To read the start time, it says (I annotated a bit):

__asm volatile (
    "cpuid\n\t"             // writes e[abcd]x
    "rdtsc\n\t"             // writes edx, eax
    "mov %%edx, %0\n\t" 
    "mov %%eax, %1\n\t"
    //
    :"=r" (cycles_high), "=r" (cycles_low)  // outputs
    :                                       // inputs
    :"%rax", "%rbx", "%rcx", "%rdx");       // clobber

我想知道为什么使用暂存器获取edx的值 和eax.为什么不删除movs并直接从edx中读取TSR值 和eax?像这样:

I'm wondering why scratch registers are used to take the values of edx and eax. Why not remove the movs and read the TSR value right out of edx and eax?

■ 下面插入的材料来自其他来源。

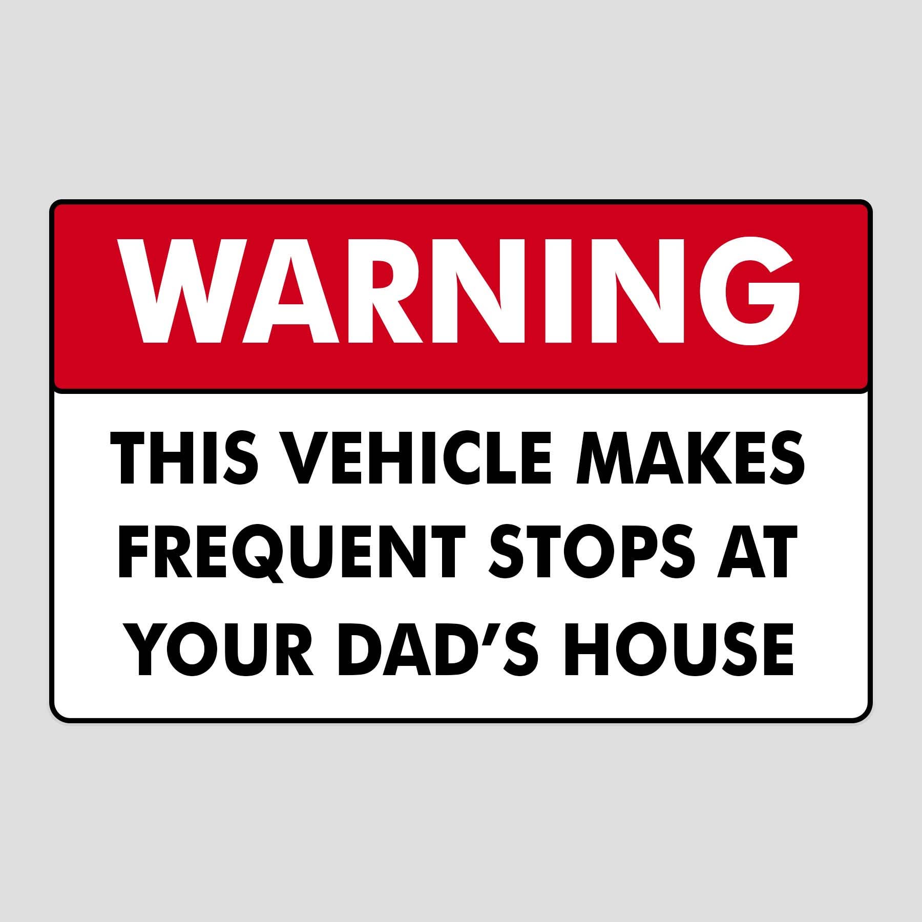 "Warning: This Vehicle Makes Frequent Stops at Your Dad's House" Car Sticker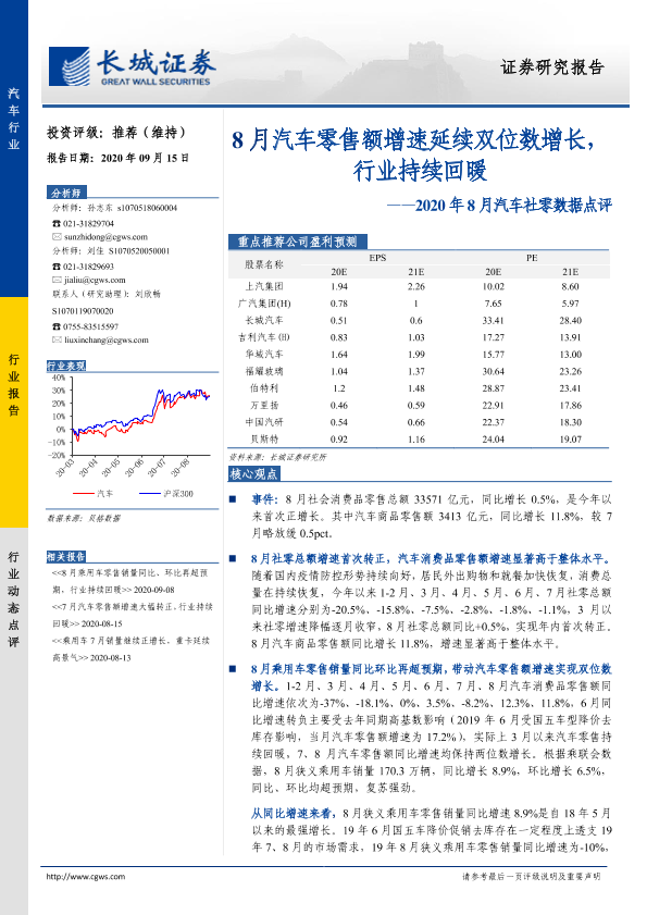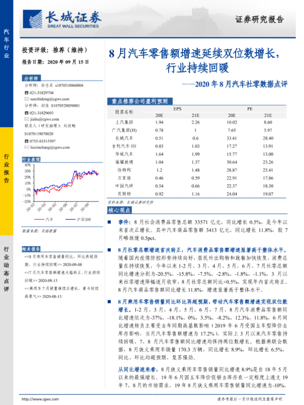 【长城证券】【20200915】2020年8月汽车社零数据点评:8月汽车零售额增速延续双位数增长,行业持续回暖-12页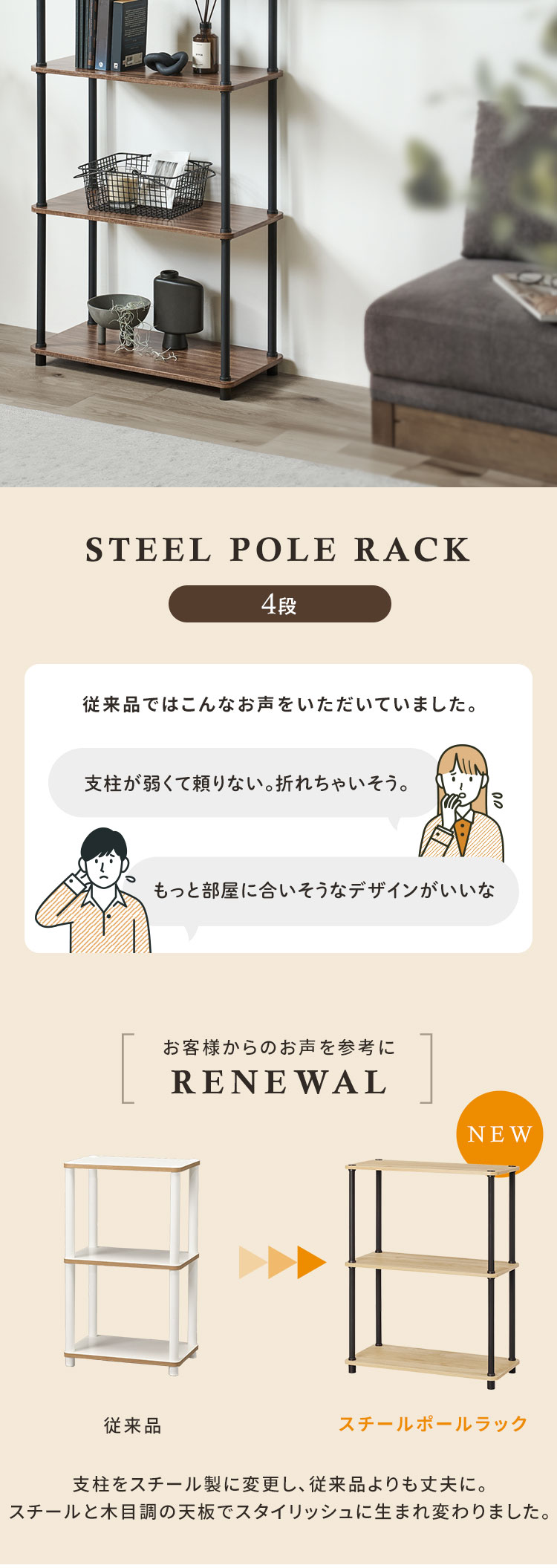 ポールはスチールのため、耐久性に優れ、組み立て時や使用時も安心してご使用いただけます。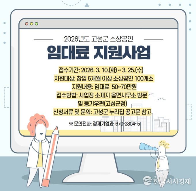 임대료 지원요건은 고성군에 6개월 이상 사업장을 임차해 운영 중인 소상공으로서, 월 임대료 10만원 이상 사업장을 대상으로 신청서류를 접수받아 적격 심사를 거쳐 선정할 계획이며, 지원금은 상반기 내 지급될 예정이다.

Like this:

__asm volatile(                                                             
    "cpuid\n\t"
    "rdtsc\n\t"
    //
    : "=d" (cycles_high), "=a" (cycles_low) // outputs
    :                                       // inputs
    : "%rbx", "%rcx");                      // clobber     

这样做,您保存了两个寄存器,从而降低了C的可能性. 编译器需要溢出.

By doing this, you save two registers, reducing the likelihood of the C compiler needing to spill.

我是对的吗?还是那些MOV具有某种战略意义?

Am I right? Or those MOVs are somehow strategic?

(我同意您确实需要临时寄存器来读取停止时间,因为 在这种情况下,说明的顺序相反:您有 rdtscp,...,cpuid. cpuid指令破坏了rdtscp的结果.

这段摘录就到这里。